Patrick Jenkins discusses various proposals, including those from the chancellor Jeremy Hunt, to get company pension schemes into the Pension Protection Fund, even where schemes’ sponsoring companies are not bust, with the aim of funnelling money into “start-ups” and other UK investments (Opinion, June 6).
I have a few questions. First, PPF compensation is designed to be less than the full pension promise — members not yet retired are cut back by 10 per cent, and inflation increases for everyone are lower. Overall, people lose around a quarter of their end-toend pension promise.
How would any scheme trustees be persuaded to put their scheme into the PPF when it automatically means lower payments for members? I am chair of a tiny scheme and I can tell you what my answer would be.
Second, there are already mechanisms allowing companies in severe financial difficulty to put their schemes into the PPF, with strict rules to prevent dumping, including the PPF taking an equity stake.

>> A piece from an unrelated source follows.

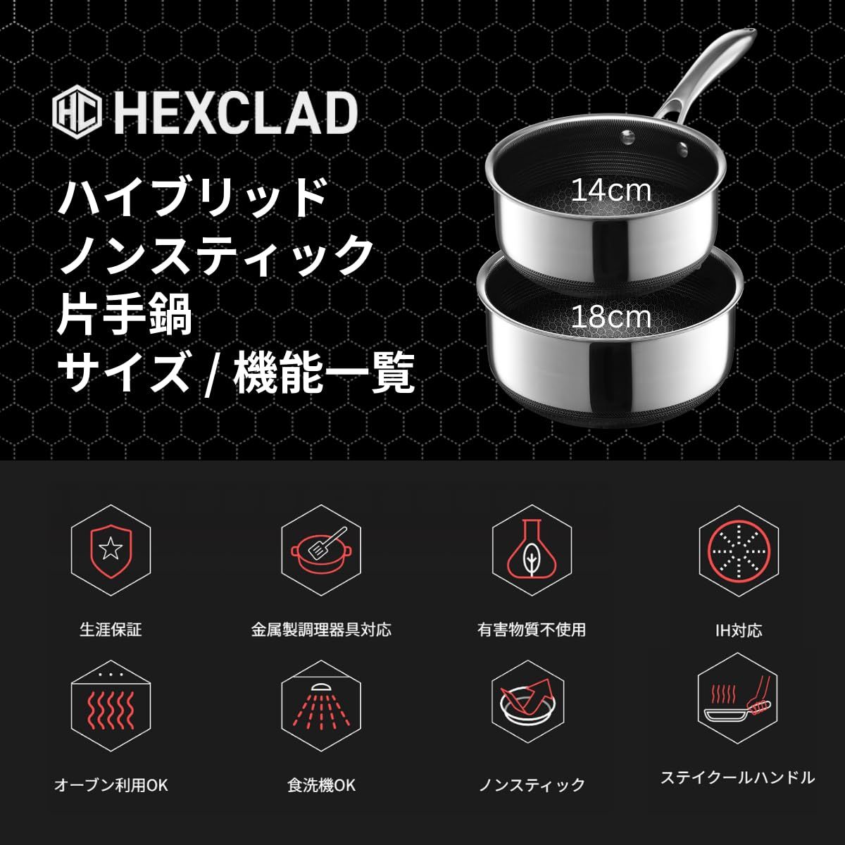 HexClad ハイブリッド ノンスティック 片手鍋 14 cm 0 95 L 焦げ付き防止加工 IH オーブン 食洗器 対応 メーカー直販 付き ヘックスクラッド 強化ガラス 蓋付き

Would rules have to be weakened, and, if so, how could we prevent companies just dumping their inconvenient pensions into the PPF?
Third, the PPF is funded by annual levies on defined benefit schemes, with no government guarantee and, in extremis, member compensation can be cut to balance the PPF’s books.
Will the government now guarantee the PPF, so if things go wrong with the new “plan”, members won’t lose out, and the levy won’t go up?
PPF is the pension success story of the past 20 years — protecting the pension promises of millions. Politicians looking for easy answers — “money down the back of the sofa” — should stay well away, and leave it to do its job.